Quando ci siamo resi conto che questa strada alternativa poteva rappresentare una speranza. La promessa di cooperazione con il governo italiano e quindi con l’Aia, infatti, andava nettamente contro le nostre aspettative. Insomma il cerchio si stava chiudendo attorno alla città nel disinteresse generale delle istituzioni, tant’è che la situazione sanitaria epidemiologica a Taranto non è solo peggiorata, ma con il varo dell’Ilva bis, rischiamo di perdere definitivamente anche il nostro unico interlocutore diretto, ovvero l’Aia con il suo garante, che comunque rappresenta un organo di controllo importante. Ma non solo. Anche il sequestro avvenuto il 24 maggio pari a 8,1 miliardi di euro sequestrati alla famiglia Riva su disposizione del gip Todisco, rischia di essere dissequestrato con un nulla di fatto.
Abbiamo già relazionato il 15 maggio e l’11 luglio scorso direttamente con il gabinetto di Janez Potočnik, il Commissario Europeo per l’ambiente e poi direttamente con Karl Falkenberg, Direttore generale della Direzione Generale Commissione Europea Ambiente. A loro trasmettiamo tutti i dati aggiornati in tempo reale, come l’aumento dei tumori, l’incremento della malattie infantili pediatriche e non ultimo il ritrovamento di tracce di diossina anche nell’acqua e non soltanto nelle emissioni atmosferiche com’era già stato appurato.
Intanto però all’Ilva si continua a produrre…
Sì. L’ilva, nel frattempo, continua a produrre a ritmi molto più serrati di prima e sappiamo con certezza che qualsiasi controllo viene automaticamente eluso. Perfino le 94 prescrizioni di cui si parla nella relazione dell’Aia e che avrebbero dovuto porre dei successivi divieti non sono mai state osservate come quando la loro attuazione comportava un costo, un investimento, come riporta l’ultimo rapporto del garante datato 2 luglio 2013.
La cosa grave è che gli operai, non solo sono costretti a lavorare in un ambiente altamente inquinato e lesivo per le loro vite, come attesta l’ordinanza del Gip Todisco, ma vivono la loro condizione come un costante ricatto in cui l’occupazione diventa l’unica fonte di sostentamento da preservare a tutti i costi visto che molti sono padri di famiglia monoreddito.
Cosa ne pensi delle recenti dichiarazioni di Enrico Bondi, che parla di morti a Taranto causate dal fumo e dall’alcol?
Sono parole offensive e oltraggiose per la città e per i suoi abitanti. Nel quartiere Tamburi bisogna tenere le finestre sempre chiuse perchè spesso respirare quell’aria provoca malesseri continui. Forse Bondi non sa neppure che proprio nel cimitero di Taranto il sindaco ha emesso un’ordinanza che obbliga gli addetti allo scavo e alla tumulazione dei defunti di indossare delle tute integrali, poichè il terreno è talmente impregnato di inquinanti che smuoverlo può produrre gravi effetti.
Mi sembra di capire che le speranze siano davvero poche, almeno in Italia.

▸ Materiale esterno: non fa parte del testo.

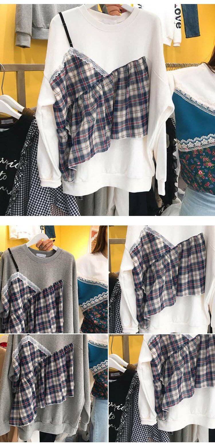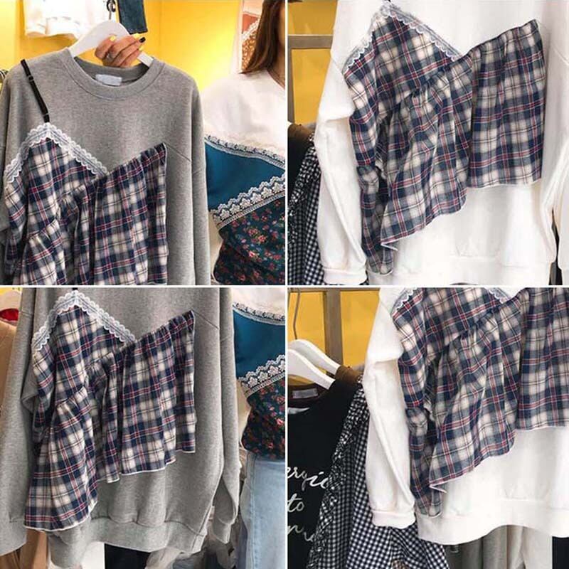 新品 チェック柄レースプルオーバー セーター トップス ステッチ ⦿韓国 オルチャン K-pop アイドル ジャケット スーツ ワンピース カーディガン ニット フーディー トレーナー キャミソール スカート シャツ ブラウス 5B6858591
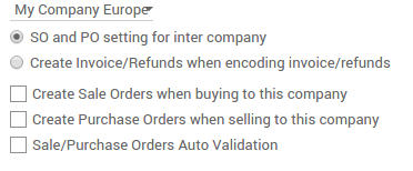 - 采购订单和销售订单能够被关联。如果你的集团下的子公司创建了一个采购订单或销售订单, 相关的文档会自动生成。你要做的只是检查正确性并确认销售。你可以在你的销售或采购单上自动校验。
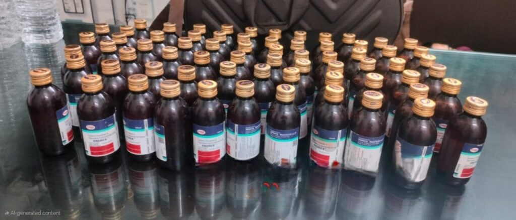 ЁЯСЙ рдмрд░рд╛рдордж рдХреБрд▓ 69 рдирдЧ рдХрдл рд╕рд┐рд░рдк рдХреА рд╢реАрд╢рд┐рдпрд╛рдВ, рдХреБрд▓ рдорд╛рддреНрд░рд╛ 6900 ML (6900 рдЧреНрд░рд╛рдо), рдЕрдиреБрдорд╛рдирд┐рдд рдХреАрдордд тВ╣6900/- рдХреЛ рд╡рд┐рдзрд┐рд╡рдд рдЬрдкреНрдд рдХрд░ рдХрдмреНрдЬрд╛ рдкреБрд▓рд┐рд╕ рд▓рд┐рдпрд╛ рдЧрдпрд╛ред
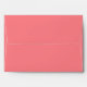 Tropical Art Deco Golf Course Envelope. This colourful and fun envelope features an art-deco-style illustration of a tropical golf course with pink flamingos, a golf cart, and palm trees. The bold bold orange and pink colours compliment the matching 50th birthday party invitations.

Esiste qualche soluzione fattiva?
Direi siamo senza speranze. Tuttavia abbiamo degli esempi dall’estero dove stabilimenti industriali sono stati messi in sicurezza dal punto di vista ambientale con investimenti importanti. Insomma se la politica agisse di conseguenza anche in Italia l’Ilva potrebbe innescare una procedura di produzione cancellando l’impatto inquinante come accade in molti parti del mondo dove la politica ambientale è al centro delle agenda politica.
In Italia, c’è da aggiungere, che dell’ambiente interessa ben poco. E non interessa neppure quando i numeri dei morti emergono con le loro cause. E al danno ambientale, si aggiunge anche quello sanitario, sociale, e umano che spesso vengono irrimediabilmente colpiti.
A Taranto su un raggio di 20 E PIU’ chilometri da dove sorge lo stabilimento è una zona da considerarsi contaminata. Ci sono tutte le condizioni per poter parlare di un vero e proprio disastro ambientale. Insomma, la città sta morendo. E tutto ciò avviene nel silenzio assordante delle istituzioni. C’è solo da sperare, e questo è il nostro auspicio, che la commissione europea possa continuare ad investigare e porti avanti una procedura d’infrazione contro l’Italia.